13En deze leren wijnzakken waren nieuw toen wij ze vulden; maar zie, ze zijn gescheurd. En deze kleren van ons en onze schoenen zijn versleten door de zeer lange reis.
14Toen namen de mannen van hun proviand en zij vroegen niet om een uitspraak van de HEERE.
15En Jozua sloot vrede met hen en sloot een verbond met hen dat hij hen zou laten leven. En de leiders van de gemeenschap zwoeren hun een eed.
16En het gebeurde na verloop van drie dagen, nadat zij het verbond met hen gesloten hadden, dat zij hoorden dat zij hun buren waren en dat zij in hun midden woonden.
17Want toen de Israëlieten verdertrokken, kwamen zij op de derde dag bij hun steden. Hun steden nu waren Gibeon, Kefira, Beëroth en Kirjath-Jearim.
18Maar de Israëlieten versloegen hen niet, omdat de leiders van de gemeenschap hun een eed gezworen hadden bij de HEERE, de God van Israël. Daarom morde de hele gemeenschap tegen de leiders.
19Toen zeiden alle leiders tegen heel de gemeenschap: Wíj hebben hun een eed gezworen bij de HEERE, de God van Israël. Daarom kunnen wij hen niet aanraken.
20Dit zullen wij met hen doen zodat wij hen in leven kunnen laten, opdat er geen grote toorn over ons komt vanwege de eed die wij hun gezworen hebben.
21Verder zeiden de leiders tegen hen: Laat hen leven, maar laat hen dan houthakkers en waterputters worden voor heel de gemeenschap, zoals de leiders tegen hen gezegd hebben.
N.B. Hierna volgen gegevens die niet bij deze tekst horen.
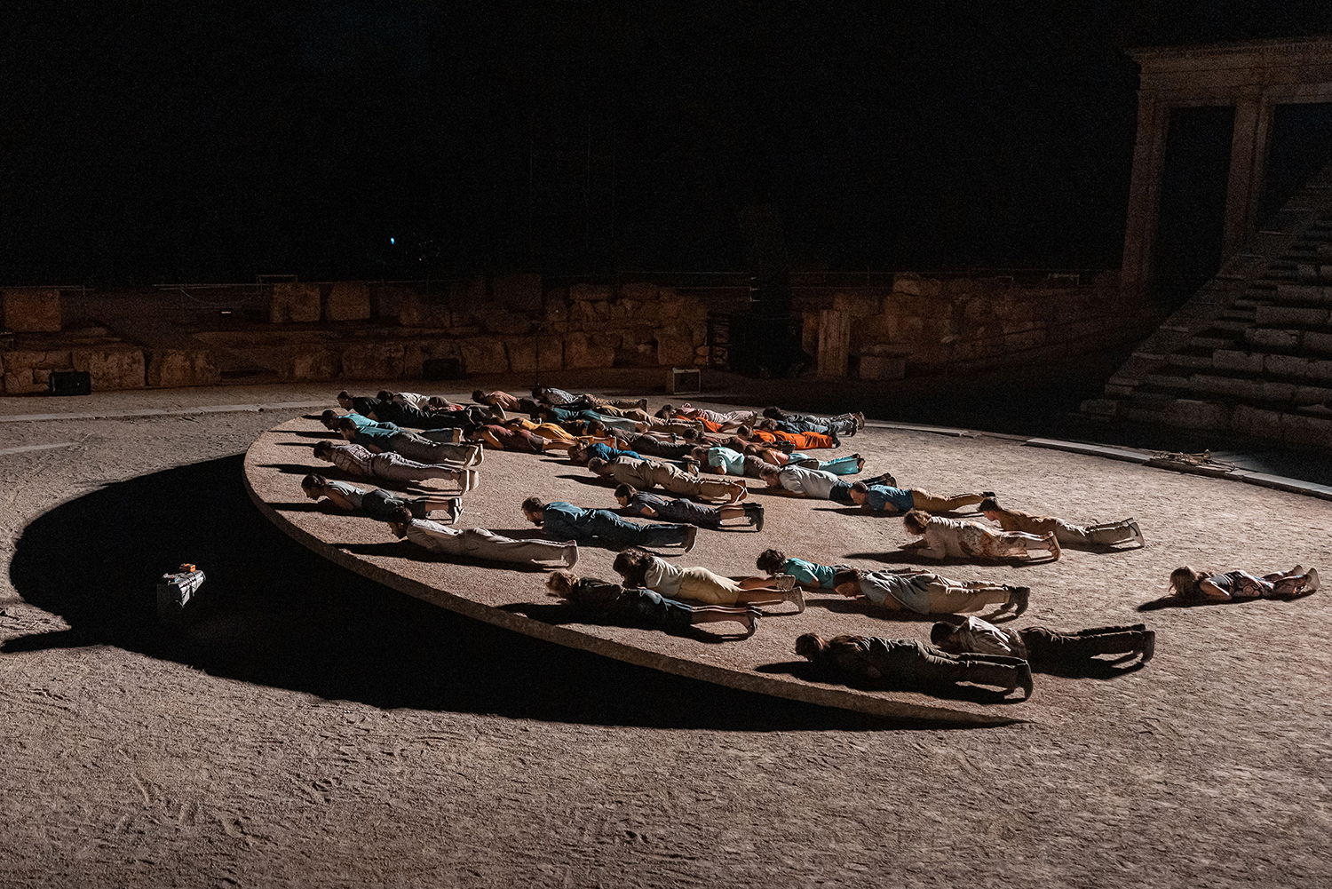 Το κοίλον και η ορχήστρα ενώνονται για να «συμμετάσχουν» σε μια κοινή συζήτηση για την ήττα, τη δυσκολία της παραδοχής της και την αμηχανία της συνέχειας, με τη συμμετοχή εθελοντών που εισέρχονται σταδιακά στον χώρο, συνθέτοντας μια «κοινωνία» που αναζητά το νήμα της ύπαρξης μετά την καταστροφή, σαν αντικατοπτρισμός της παρούσας ιστορικής συγκυρίας.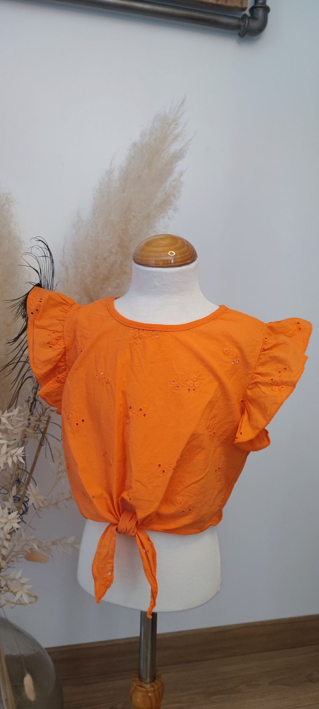 Top court en coton et broderie anglaise, col rond, manches courtes volantées.
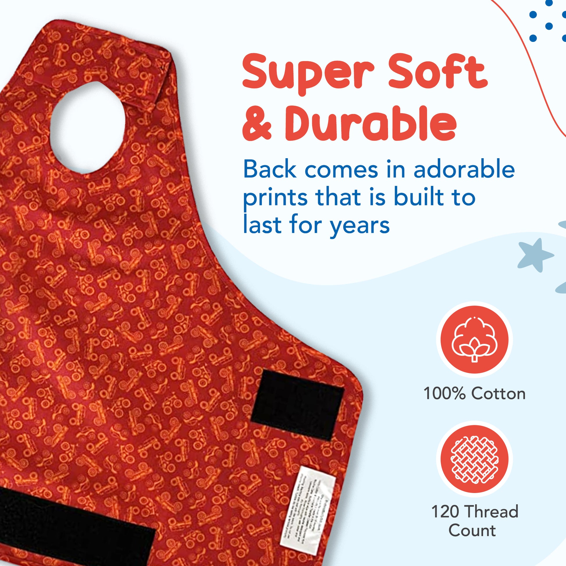 Keeps messy hands off clothes; No sleeves for quick and easy application. If they have long sleeves on, roll them up!

22Toen riep Jozua hen en sprak tot hen: Waarom hebt u ons bedrogen door te zeggen: Wij komen zeer ver van u vandaan, terwijl u in ons midden woont?
23Nu dan, vervloekt bent u! U zult voor altijd slaven zijn, houthakkers en waterputters voor het huis van mijn God.
24Zij antwoordden Jozua: Omdat aan uw dienaren uitdrukkelijk was verteld dat de HEERE, uw God, Zijn dienaar Mozes geboden heeft om u heel dit land te geven en alle inwoners van het land voor u weg te vagen, zijn wij vanwege u heel bevreesd geworden voor ons leven. Daarom hebben wij dit gedaan.
25En nu, zie, wij zijn in uw hand. Doe zoals het goed en zoals het juist is in uw ogen met ons te doen.
26Aldus deed hij met hen, en hij redde hen uit de hand van de Israëlieten, zodat zij hen niet doodden.
27Zo maakte Jozua hen op die dag houthakkers en waterputters voor de gemeenschap, en voor het altaar van de HEERE, op de plaats die Hij uitkiezen zou, tot op deze dag.